French President Francois Hollande on Tuesday offered French companies what he called “a responsibility pact” to tackle unemployment under which they would reap the benefit of lower labor taxes in return for hiring more workers.
“It is based on a simple principle: lower labor charges and fewer restrictions on their activity in return for more hires and more dialogue with trade unions,” Hollande said in a New Year’s address broadcast on national television.
Hollande did not specify how he would go about reducing labor charges, but it is a possibility that has been mooted under a wide-ranging reform of taxes already promised by his Socialist government for implementation during the remainder of his mandate through to 2017.
Photo: EPA / France Television / FRANCE2
French corporate margins are among the lowest in Europe, partly due to the high labor charges needed to fund its generous welfare state.
Unemployment is stuck at around 11 percent, although Hollande — whose popularity ratings are at an all-time low for a president of France’s 55-year-old Fifth Republic — argues it has now hit a peak and is set on a downward curve.
“Of course the results are taking a while to appear, but they are there... I tell you again tonight: I have one priority, one goal, one commitment, and that is employment,” he said.
Pollsters say Hollande’s government runs the risk of a massive protest vote against it in European Parliament elections due in May.
Hollande also said he expected to come up with new proposals on Europe with German Chancellor Angela Merkel early in the year, without elaborating.
Meanwhile, home improvement stores will be allowed to open on Sundays, the government said on Tuesday, after a fierce debate over the country’s strict laws on trading on the traditional day of rest.
Retailers can only open on a Sunday under certain conditions — if they are located in a tourist or a high-density area, for example.
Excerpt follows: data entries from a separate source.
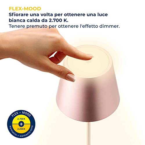 FACILE DA USARE: basta solo un dito e la lampada si può accendere o spegnere senza problemi ed è dimmerabile con l'interruttore dimmer a sfioramento. La funzione Flex-Mood fornisce inoltre una luce bianca calda e non abbagliante in 2 temperature di colore (2.700 K e 2.200 K), creando la giusta atmosfera in qualsiasi momento, anche come lampada notturna e da lettura.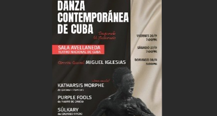 Se anuncia la próxima temporada de Danza Contemporánea de Cuba en la sala Avellaneda del Teatro Nacional de Cuba, los días 26, 27 de septiembre a las 7:00 p.m. y 28 de septiembre a las 5:00 p.m.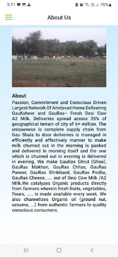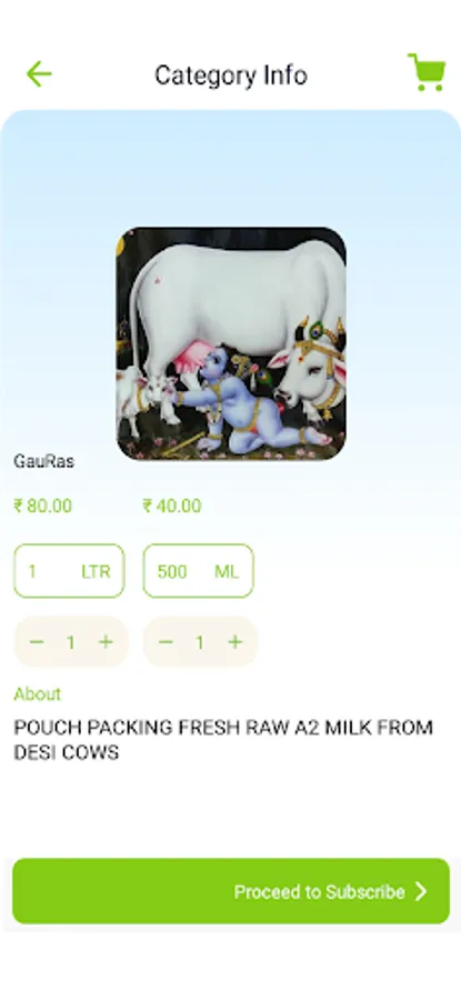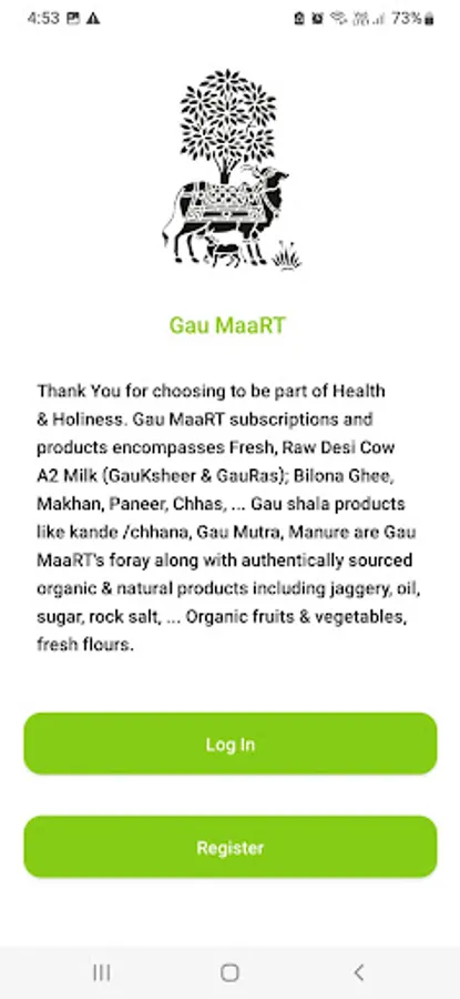 This is handy platform to be part of journey of Health & Holiness. This app enables to subscribe and order Gau MaaRT products encompassing Fresh, Raw Desi Cow A2 Milk (GauKsheer & GauRas); Bilona Ghee, Makhan, Paneer, Chhas, ... Gau shala products like kande /chhana, Gau Mutra, Manure which are Gau MaaRT's foray along with authentically sourced organic & natural products including jaggery, oil, sugar, rock salt, ... Organic fruits & vegetables, fresh flours.

Any shop selling food can operate until 1pm.
However, the rules have infuriated workers who want to work Sundays at a time of sky high unemployment, and drawn criticism that they are archaic and ill-suited to a time of economic hardship.
About 180 stores will now be able to trade on Sundays until July 1, 2015, to allow time for a revamp of the law, according to a decree published in France’s official journal and signed by French Labor Minister Michel Sapin.
They include Castorama and Leroy-Merlin, which made headlines in September last year when they rebelled against the ban and opened 14 of their stores to the public on a Sunday.
Sapin said the stores had pledged to implement measures to compensate employees working Sundays, including doubling their salaries.